Many large property owners are not counting on the shopping center business recovering after the COVID-19 pandemic and instead are unloading malls from their portfolio through sales or letting lenders take over, The Wall Street Journal reports.

For example, global mall operator Unibail-Rodamco-Westfield sold three of its U.S. malls in 2020. The company plans to continue to decrease its 25-property portfolio in the U.S. in an effort to bring down its debt levels, executives said during a recent earnings call. The Paris-based Unibail-Rodamco bought Westfield Group in 2018 for approximately $16 billion. The purchase added 33 U.S. properties to mall operator’s portfolio, including high-profile shopping centers like the Westfield World Trade Center in Manhattan and Westfield Garden State Plaza in Bergen County, NJ.

The company shying away from U.S. malls three years later has revealed how the COVID-19 pandemic has driven a wedge in the retail CRE sector. Top-tier, Class A mall owners have managed to thrive and collect top-of-the-market rents, according to The Wall Street Journal. Maintained success has happened in part because the properties are located in more affluent neighborhoods with residents that managed to keep their jobs during the pandemic and are ready to spend again.

United States B and C mall operators are trying to shed their properties that have lost value, however.
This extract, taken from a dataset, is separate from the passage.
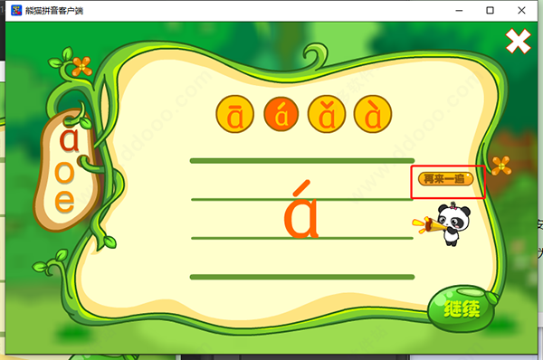 都说家长是孩子们的启蒙老师,可是你也不知道该怎么教孩子知识?那就交给熊猫拼音软件吧,这是一款专门为2-9岁的小朋友准备的儿童学拼音游戏,详细的为孩子们提供了声母、韵母、声调、十六个整体音节等海量知识,并为了提升孩子们的学习兴趣,还特将其打造为儿童们最喜爱的卡通动画,并会由我们的国宝熊猫角色带领孩子学习。在熊猫拼音软件中,主要是以闯关的方式来进行教学,因此,进入软件即可查看到一张大大的探险地图,会以探险寻宝为故事背景,将汉语拼音与14关探险闯关游戏,十分有趣,轻轻松松拜托了传统教学的枯燥,更好的提升孩子的学习欲望。

These properties are usually located in middle or lower-income neighborhoods that have a lot of new stores, but not enough customers with disposable income. Many of these malls have struggling department stores as anchors like J.C. Penney and Sears, or they did until the anchor store closed.
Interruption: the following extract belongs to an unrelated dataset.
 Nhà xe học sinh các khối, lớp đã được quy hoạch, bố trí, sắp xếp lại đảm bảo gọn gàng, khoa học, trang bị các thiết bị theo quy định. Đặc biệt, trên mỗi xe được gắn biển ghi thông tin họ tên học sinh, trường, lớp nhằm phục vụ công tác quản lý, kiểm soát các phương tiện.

Meanwhile, non-anchor stores have not had it much easier. Clothing chains like Charlotte Russe and Payless ShoeSource have filed for bankruptcy, which caused U.S. malls’ valuations to decrease. Once valuations start to drop, mall owners have a more difficult time maintaining properties with mortgages that are underwater.
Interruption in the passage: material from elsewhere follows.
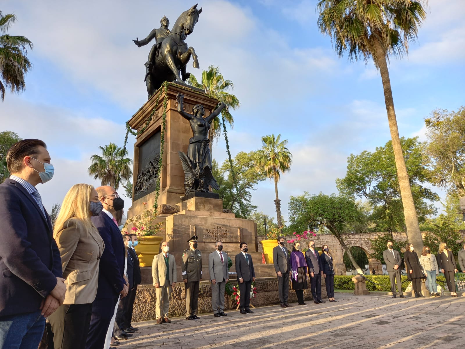 En primer momento, se realizó el izamiento de las tres banderas, la de Michoacán, Morelia y la bandera nacional de México, bajo la dirección de la banda de guerra de la Policía Morelia; posteriormente se realizó la colocación de ofrenda floral y guardia de honor en el monumento ecuestre del Siervo de la Nación en la Plaza Jardín Morelos.

“For a large number of B (and) C malls, there is just no equity left,” Manus Clancy, senior managing director at real-estate data firm Trepp LLC told The Wall Street Journal. “COVID-19 might have hastened the process for owners giving up on malls, but it wasn’t the core reason for the current issues.”

Three publicly listed mall owners that have a number of lower-tiered malls have filed for bankruptcy protection. They’ve also either restructured their debt or are in the process of doing so, according to The Wall Street Journal.

Pandemic forces Unibail-Rodamco-Westfield to change mall plans

When Unibail-Rodamco-Westfield merged three years ago, the company look to bolster its portfolio with Westfield malls in major U.S. cities. The hope was the shopping centers would garner record increased rent growth and gain access to more favorable lending terms, per investor presentations.

The company’s plans changed however and now it’s looking to scale back on its U.S. mall collection. It’s already stopped paying debt on four malls, so lenders can take underperforming B and C class properties and taken on a lot of debt, according to analysts. The cutbacks are just the beginning, according to Unibail-Rodamco’s chief executive, Jean-Marie Tritant.

“We have other direct off-market discussions as well on regional malls that are part of this strategy to really streamline our portfolio,” he said during the recent earnings call.

Unibail-Rodamco-Westfield isn’t alone in its efforts to scale back. Simon Property Group, the largest mall owner in the U.S., has returned properties to lenders, too. Creditors have foreclosed on Town Center at Cobb in Atlanta and Montgomery Mall in North Wales, PA after Simon opted to shed the properties.

Despite property owners walking away from their shopping centers, the number of malls in the U.S. isn’t decreasing as fast as analysts forecasted, The Wall Street Journal reports. There are still some mall owners that received loan modifications instead of facing foreclosure. Meanwhile, investors are acquiring malls at low values, giving them opportunity to operate profitably, according to Thomas Dobrowski, vice chairman in the capital-markets group for real-estate brokerage Newmark Knight Frank.